Hmm I analyzed the callsites carefully to ensure it wasn't possible to
bail out without vacuuming in the normal corner cases. Maybe you
spotted some gap in my analysis -- or worse, maybe I had to change
nearby code for unrelated reasons and broke it afterwards inadvertently.

> Or, perhaps, there's actually some method behind this madness and there's
> good reason to think that FreeSpaceMapVacuum calls in these specific
> places are worth the cost? If so, a comment documenting the reasoning
> would be appropriate.

Range-vacuuming the FSM seems a good idea for these places -- no need to
trawl the rest of the tree. I'm not too excited about dropping the FSM
vacuuming completely and waiting till regular VACUUM. (Why do we call
this FSM operation "vacuum"? It seems pretty confusing.)

I agree that brin_getinsertbuffer should have a better comment to
explain the intention (and that routine seems to carry the most guilt in
failing to do the FSM vacuuming).

> I'm also finding this code in brin_page_cleanup a bit implausible:
>
> /* Measure free space and record it */
> freespace = br_page_get_freespace(page);
> if (freespace > GetRecordedFreeSpace(idxrel, BufferGetBlockNumber(buf)))
> {
> RecordPageWithFreeSpace(idxrel, BufferGetBlockNumber(buf), freespace);
> return true;
> }
>
> because of the fact that GetRecordedFreeSpace will report a rounded-down
> result owing to the limited resolution of the FSM's numbers. If we
> assume that the result of br_page_get_freespace is always maxaligned,
> then by my math there's a 75% chance (on maxalign-8 machines; more if
> maxalign is 4) that this will think there's a discrepancy even when
> there is none. It seems questionable to me that it's worth checking
> GetRecordedFreeSpace at all. If it really is, we'd need to get the
> recorded free space, invoke RecordPageWithFreeSpace, and then see if
> the result of GetRecordedFreeSpace has changed in order to decide whether
> anything really changed.
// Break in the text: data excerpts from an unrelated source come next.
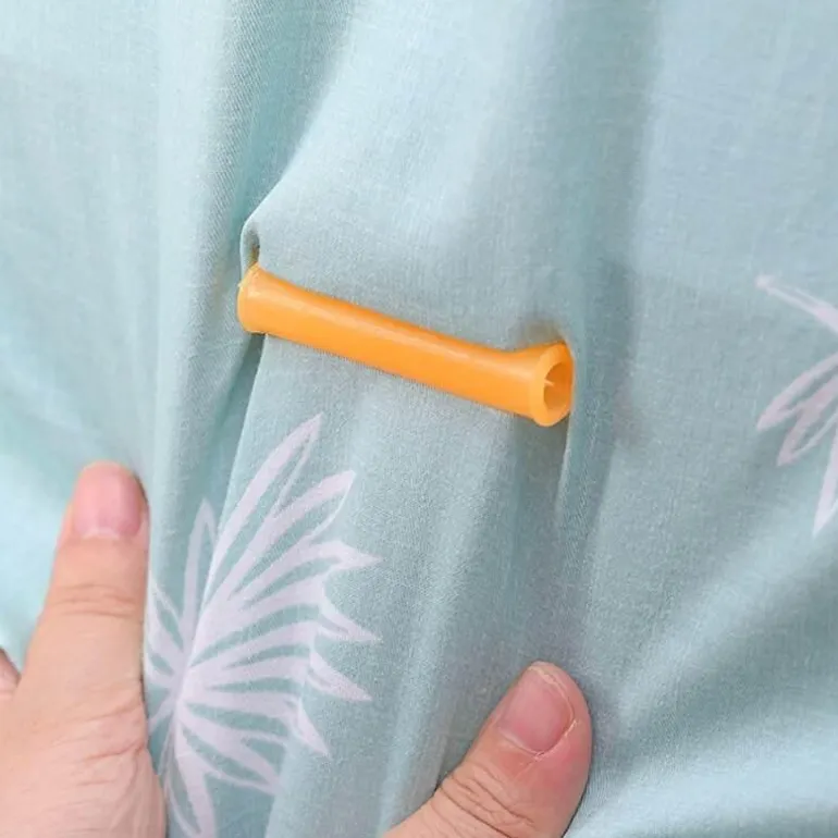 Dank des benutzerfreundlichen Designs ist die Installation unkompliziert. Schieben Sie die Clips einfach unter Ihr Laken, heben Sie den Knopf an, sodass er in das obere Loch passt, und sichern Sie ihn für einen festen Halt.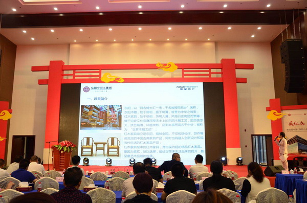 接下來的是《東陽中國木雕城紅木家具館招商發(fā)布會》環(huán)節(jié),現場播放了東陽中國木雕城的宣傳視頻。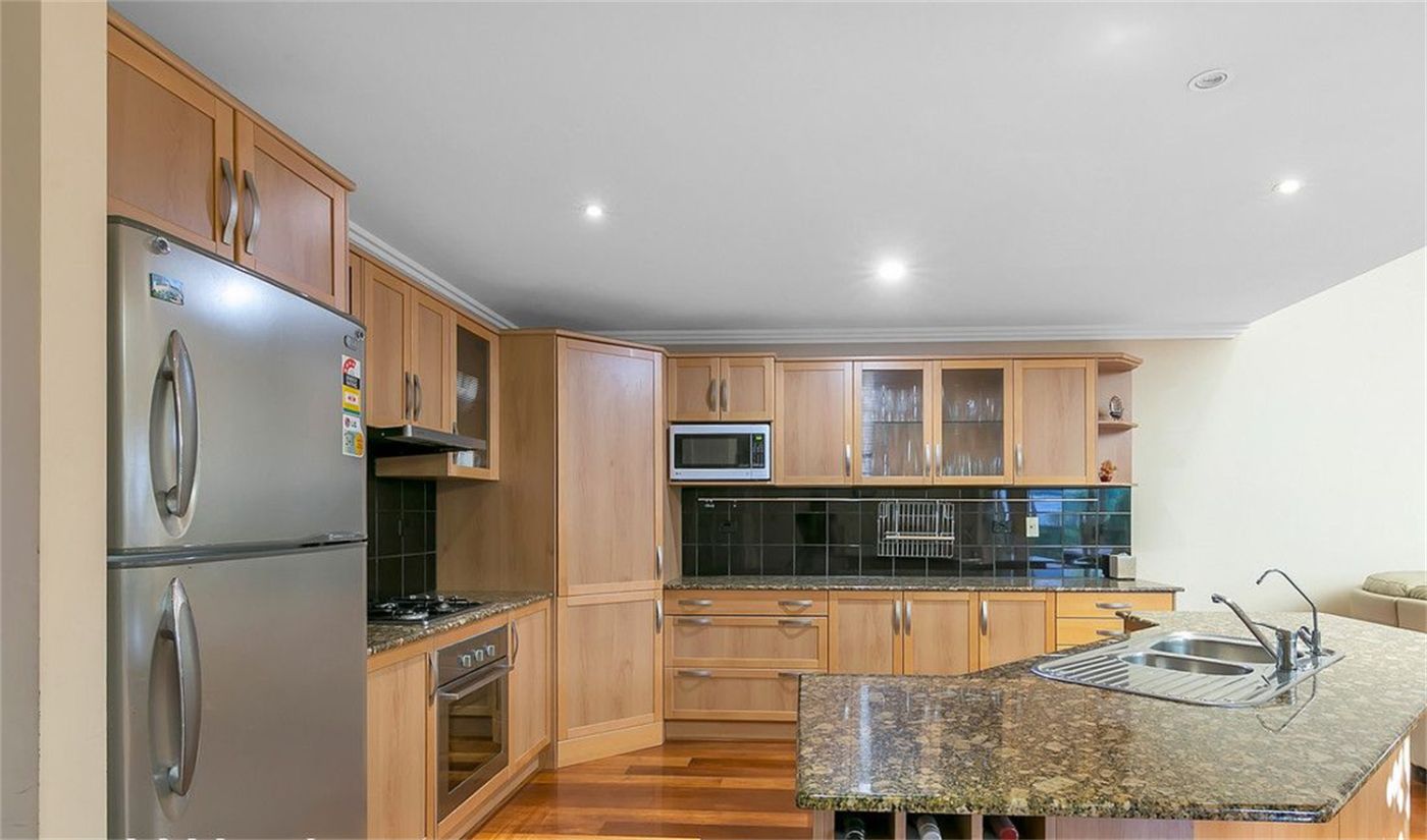 - 开放式厨房配有燃气灶台、烤箱、洗碗机、双水槽、食品储藏室,内置酒架的大岛式长凳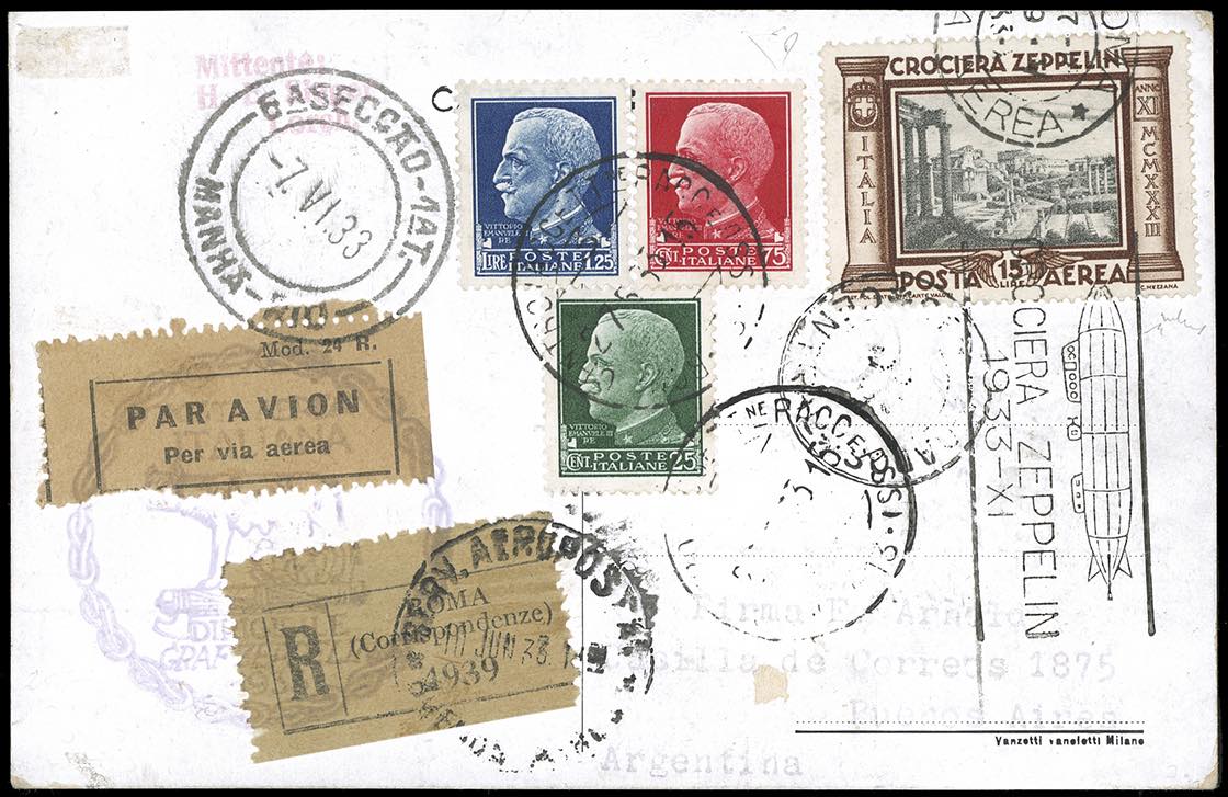 1933 - 15 lire Zeppelin, con complementari (A49,248,252,253), perfetti, su cartolina raccomandata per via aerea da Roma 29/5/1933 per l'Argentina, bolli speciali della Crociera Zeppelin. E.Diena, Chiavarello.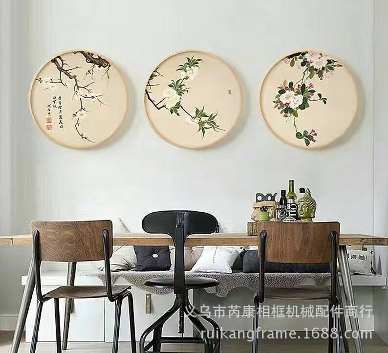 实木圆形框新中式圆框画框包覆框实木圆形镜框装饰画框

But that seems overly complicated, and again
> unlike anything done elsewhere. Also, the result value is used to
> decide whether FreeSpaceMapVacuum is needed, but I'm unconvinced that
> it's a good idea to skip said call just because the leaf FSM values did
> not change; that loses the opportunity to clean up any upper-level FSM
> errors that may exist.
>
> In short, I'd suggest making this RecordPageWithFreeSpace call
> unconditional, dropping the result value of brin_page_cleanup,
> and doing FreeSpaceMapVacuum unconditionally too, back in
> brin_vacuum_scan. I don't see a reason for brin to be unlike
> the rest of the system here.

As I recall, this was just trying to save unnecessary FSM updates, and
failed to make the connection with lossiness in GetRecordedFreeSpace.
But since FSM updates are quite cheap anyway (since they're not WAL
logged), I agree with your proposed fix.

> Lastly, I notice that brin_vacuum_scan's loop is coded like
>
> for (blkno = 0; blkno < RelationGetNumberOfBlocks(idxrel); blkno++)
> {
> ...
> }
>
> which means we're incurring an lseek kernel call for *each iteration*
> of the loop. Surely that's pretty inefficient.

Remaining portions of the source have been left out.